火星にかつて生命が存在した、あるいは今も存在しているという可能性は、理論上は非常に興味深い。しかし、グリーン氏がテレグラフ紙に語ったように、生命の発見がほぼ確実だと断言するのは公平ではない。
「グリーン氏が火星生命発見に『近い』と言っているのは、作り話だ」とワイントラウブ氏は述べた。「彼はあなたや私が知らないことを何も知らない。…マーズ2020探査車やエクソマーズ探査車は、より確固たる証拠を発見できるだろうか?可能性はある。それが彼らの設計目的だ。しかし、発見に近づいていると言うのは誤解を招きやすく、科学、あるいは科学リーダーシップが不十分であることを示す証拠だと思う。」
ジャコスキー氏は、太陽系のどこかで生命が見つかる日が必ずしも近いわけではないと述べた。
「生命が存在するならば、生命の証拠を示す可能性のある測定を現在も行っており、今後も行っていく予定です」とジャコスキー氏はギズモードへのメールで述べた。「これは、グリーン氏の発言にある、私たちが疑っている、あるいは既に存在するとわかっている生命の発見に非常に近づいているという含意とは全く異なります。私たちは火星に行くのは、そこに生命が存在するかどうかを調べるためであり、存在する生命を見つけるためではありません。つまり、生命の証拠が見つかるかもしれないし、生命が存在しないという証拠が見つかるかもしれないし、あるいは測定結果から判断できないかもしれないということです。」
重要なのは、グリーン氏が科学界にはある程度の準備不足があると指摘するのは正しいということです。例えば、NASAの天文学者で科学史家のスティーブン・J・ディック氏が昨年Scientific American誌で指摘したように、地球外の微生物を責任を持ってどのように扱うべきかは、すぐには明らかではありません。

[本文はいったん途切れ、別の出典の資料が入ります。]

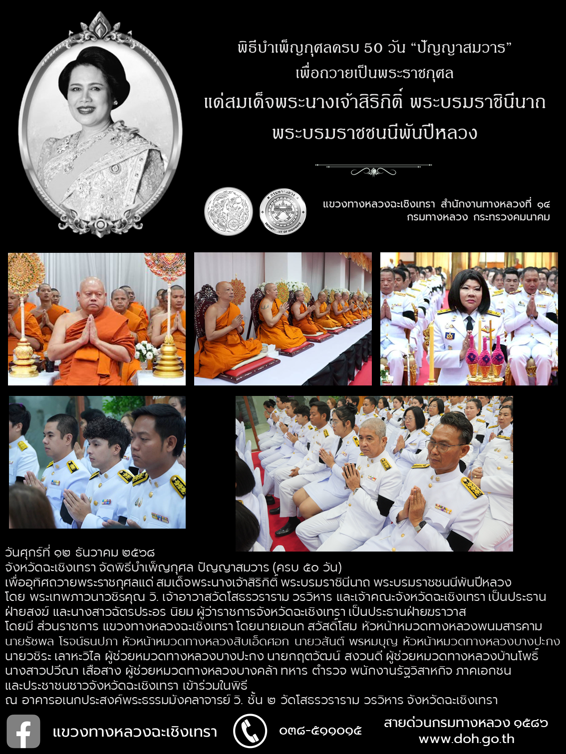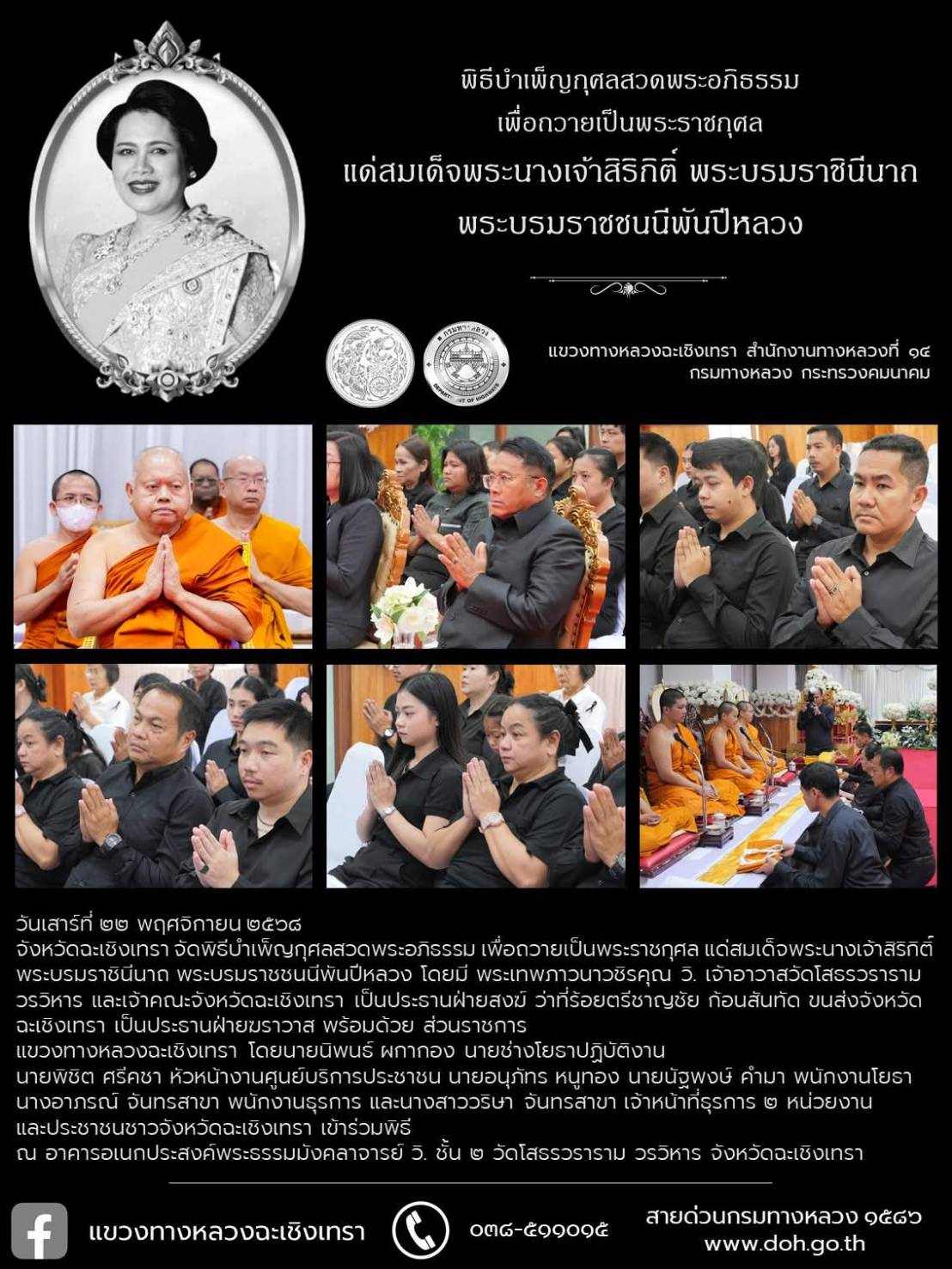11 22/11/2568 พิธีบำเพ็ญกุศลสวดพระอภิธรรม เพื่อถวายเป็นพระราชกุศล แด่สมเด็จพระนางเจ้าสิริกิติ์ พระบรมราชินีนาถ พระบรมราชชนนีพันปีหลวง จังหวัดฉะเชิงเทรา
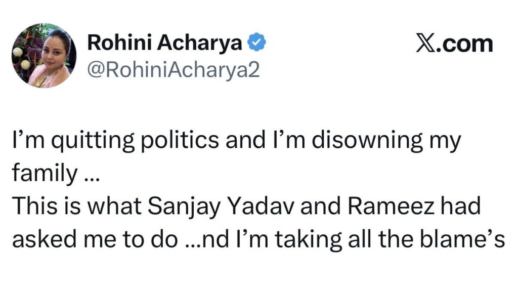 इसी तनावपूर्ण माहौल के बीच रोहिणी आचार्य ने सोशल मीडिया पर लिखा—
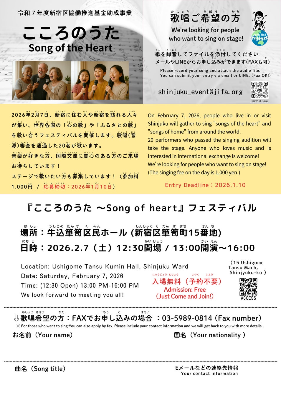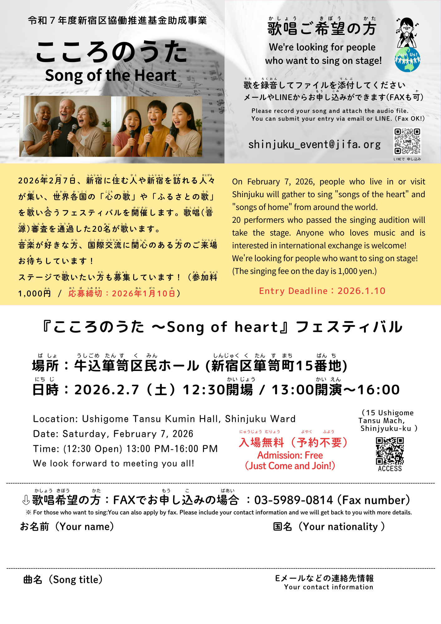 本イベントは、令和7年度 新宿区協働推進基金助成事業として実施され、日本人と外国人がそれぞれの「心の歌」「ふるさとの歌」を歌い合い、世代や国籍を越えて心を通わせるフェスティバルです。
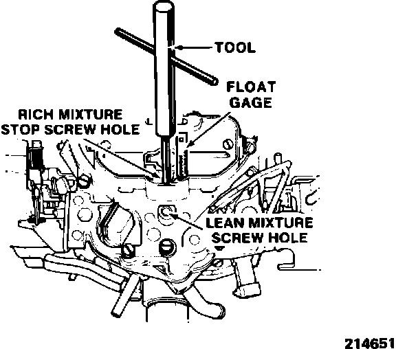 4. Insert external float gage (J-9789-130, BT-7720) or equivalent in vent hole. Use tool (J-28696-10, BT-7928) or equivalent to adjust rich mixture stop screw to obtain 4/32 inch total plunger travel (see Figure 3 on following page).
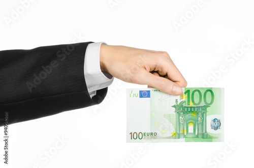 Money and business topic: hand in a black suit holding a banknote 100 euro isolated on a white background in studio
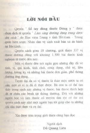 Quyển sách gồm 18 chương, giới thiệu 337 vị thuốc thường dùng với khoảng 1500 bài thuốc kinh nghiệm từ trước đến nay.
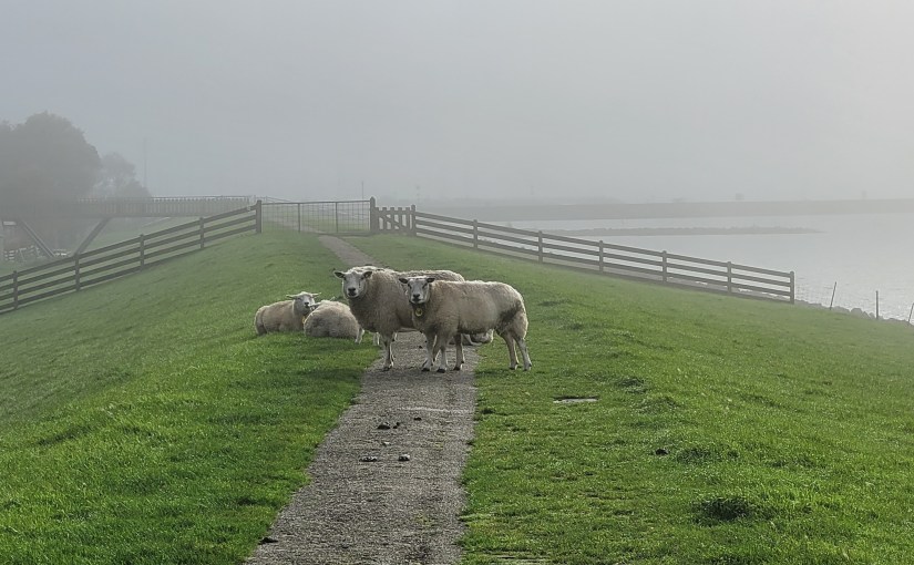 Ook maar wat foto’s gemaakt en op Facebook geplaatst. Als ik thuis op de pc de foto’s nog eens goed bekijk, valt me er eentje op: schapen op de dijk in de mist. De foto die je boven dit verhaal ziet. Een gelukje.
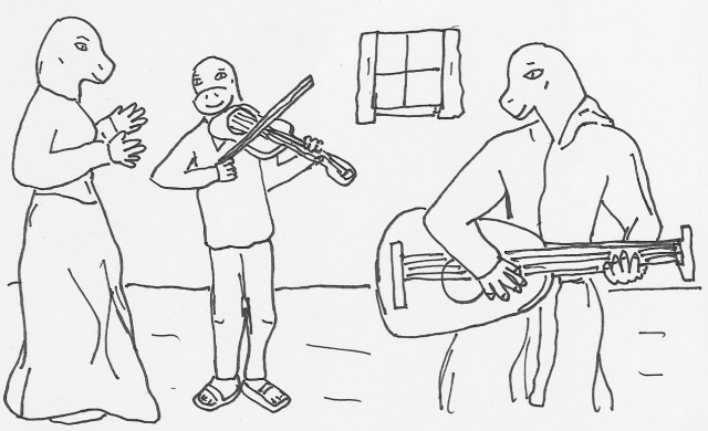 30 "I love making music," the young man answered, "I love people's faces when I play."
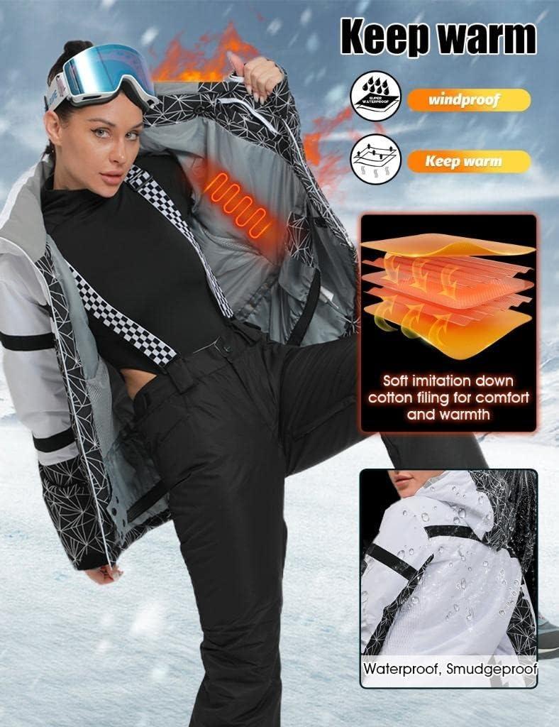 imageWomens Ski Jackets and Pants Set Windproof Waterproof Insulated Snowsuit Winter Warm Snowboarding Snow Coat002blackwhite
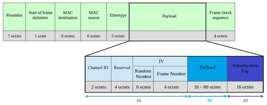 - Authentication Tag: in order to prevent an attacker from modifying the messages, an authentication tag is used (16 bytes long). This tag has been generated using a Hash function which assures that if any of the bits of the authenticated fields changes, the tag will take a different value. The authenticated fields are: Channel ID, Reserved, IV and Payload, as well as, the Ethernet header (MAC destination, MAC source and Ethertype).

…恐ろしい事実は、微生物が実際に発見された場合の対処法に関する指針が存在しないということです。微生物という文脈において、私たちが理性的な存在にのみ固有の価値を与える人間中心の倫理を採用するか、それともすべての生物を尊重する生物中心の倫理を採用するかが重要です。微生物を科学的価値のみと見なすか、それとも固有の価値を持つと見なすかが重要です。後者の場合、微生物にも権利があり、地球上の微生物には与えられていない権利です。惑星汚染対策は、他の惑星で発見されるあらゆる微生物に権利を与えているように見えますが、結局のところ、これらの対策の中心的な目的は、生命を宿す可能性のある惑星を汚染から守ることです。これは一種の生物中心の倫理です。
ワメリンク氏はこの評価に完全には同意していないが、アポロ計画中には潜在的に危険な微生物を隔離するための手順が実施されていたと述べている。
「さらに、地球上の細菌やウイルスについては厳格なプロトコルが存在します」と彼はギズモードに語った。「これらのプロトコルは非常に厳格で、ワーゲニンゲン大学でも(遺伝子組み換え生物)やその他の細菌に対して同様に施行されています。これらのプロトコルは地球外生命体にも容易に適用できる可能性があります。」
「もちろん、私たちは完全に準備ができているわけではありません」と、惑星科学研究所の上級科学者デビッド・グリンスポン氏は述べた。「もし準備が整っていたら、これは興味深い発見にもなりません。革命的な出来事に、どうすれば完全に備えられるというのでしょうか? なぜこれが心配すべきことなのか理解できません。むしろ、喜びとともに待ち望むべきことなのです。私たちはこれまで以上に万全の準備を整えています。さあ、来い!」
ところで、NASAの2020年探査車とESAのロザリンド・フランクリンの素晴らしい成功を祈っています。火星生命探査が、穏やかな期待を抱きつつも、これからも続くことを願っています。